If you could place your tube on a sunny place all day its not necessary to heat the water. With rising temp. in spring your __ lotus will grow fast enough till summer to get flowering in autumn. My lotus last year flowers in last September till early October cause of a realativly cold summer. To build flowers there are only temp. of 20°C necessary for a period of time (Werner can answer this correctly). If you want get 100% sure to get flowers of your lotus you can also place your tube in the front of a big window in a warm room of your house, or your can heat the water with a normal aquarium heater (20°C are enough!) – but I think this is not realy necessary!

By planting your rhizome your could use any clean water you have! the waterlevel should only be about 10 cm, so it gets warm faster on sunny days. 30cm are too high.
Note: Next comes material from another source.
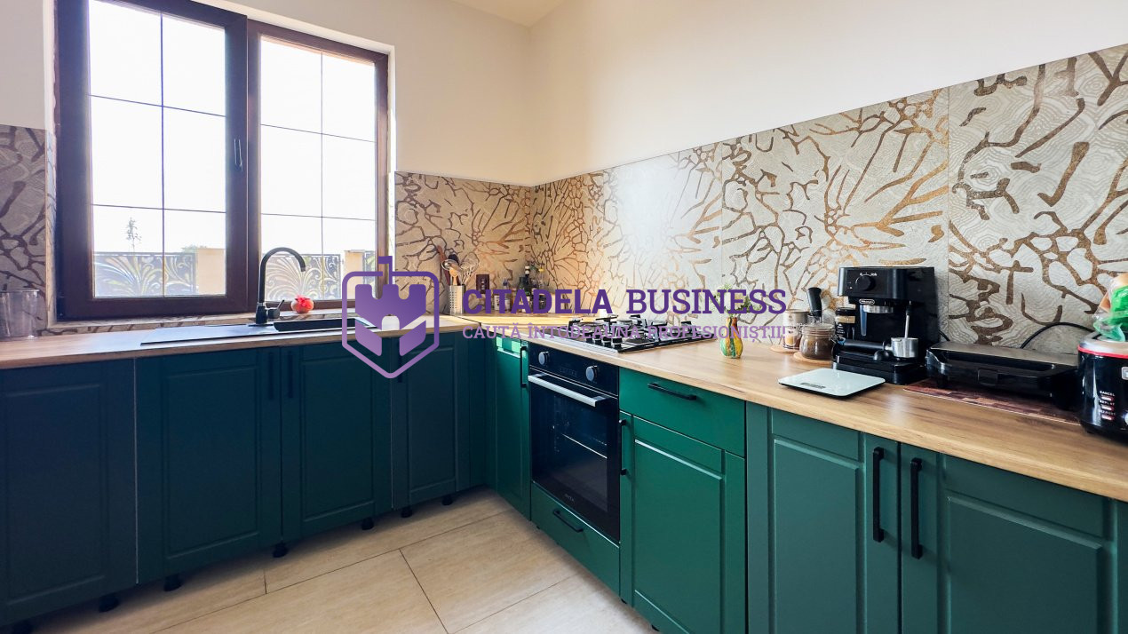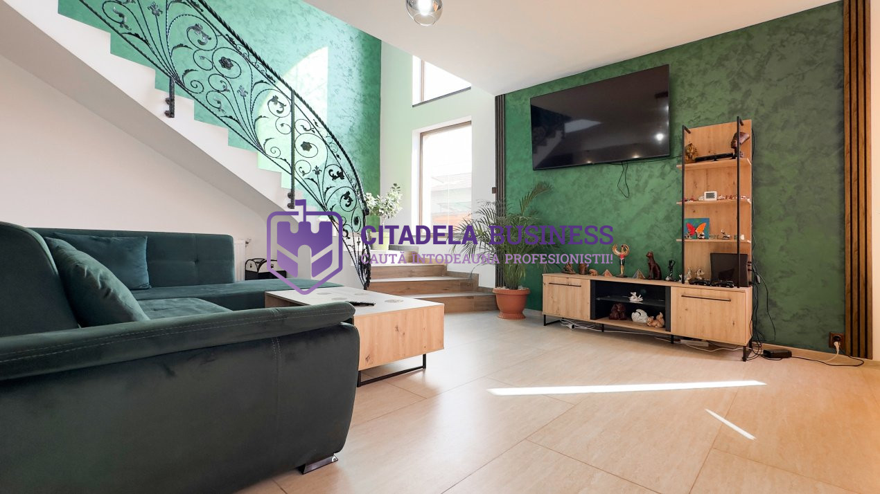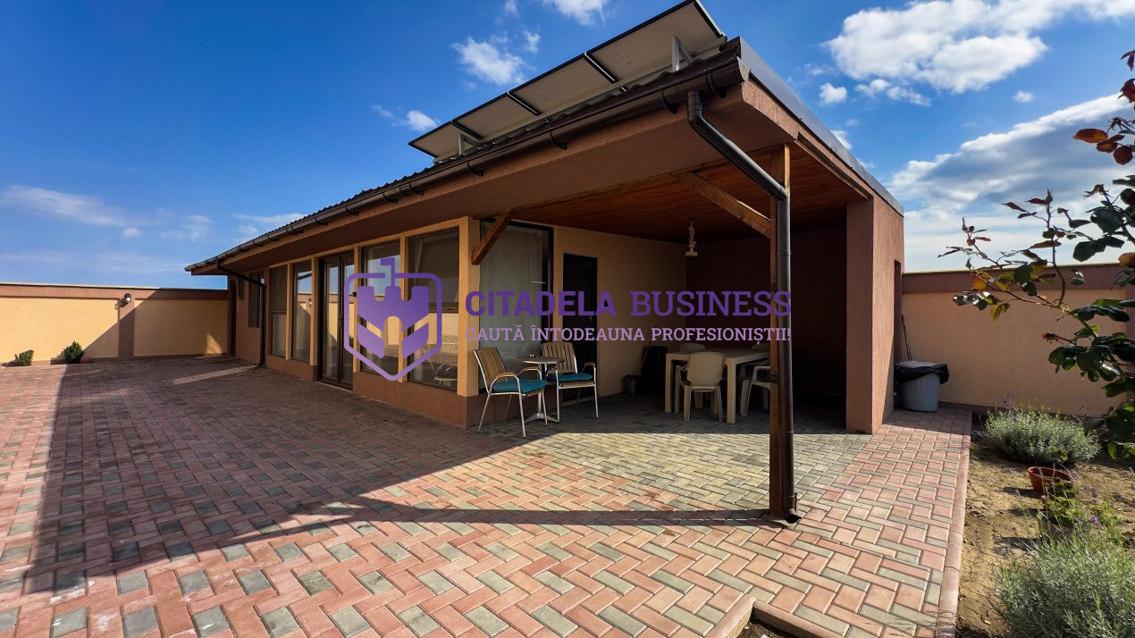 Un avantaj major îl reprezintă independența energetică, datorită sistemului de panouri fotovoltaice și centralei inteligente pe peleți, care asigură costuri reduse și eficiență maximă. Proprietatea include și un garaj cu acces direct în casă, precum și o terasă închisă de 90 mp, construită ca spațiu de relaxare și socializare, dotată cu toate utilitățile necesare pentru a fi folosită pe tot parcursul anului.

The leaves only float for shot time on the water before growing above it. 


Best,

Stefan


----------



## Teichforum.info (30. Jan. 2005)

Hi Stefan,

Thanks again for your answers. I have been reading a lot the past few days.
Takes some time because English as well as German are not my native language. So now I understand the difference between rhizomes and roots 

I too think that it should be possible to keep the plants on the terrace, it's the sunniest place and also near the living room.
Years ago we had a very large nerium __ oleander outside on the terrace for all winter, no problem. A year later we had the plant in the garden house and unfotunately the plant didn't make it. This year our Tuscan Jasmine has been standing outside all winter, and it's still doing well.

Looking at all the diffferent photos it looks like the hardest thing to do now is to choose a cultivar. They are all so beautiful. 
We thought about three Lotuses, we now reduced the amount that we're interested in to 8. Four of them are more or less white with red/pink tip.
Difficult to pick out one of those four. The other one's we like are N. Carolina Queen, Culweixizhao, Youzankou and Kohyouren.
Can't seem to figure out yet whether these cultivars are small, medium or large size plants and whether they are easy to grow or not.

Best,
Diana


----------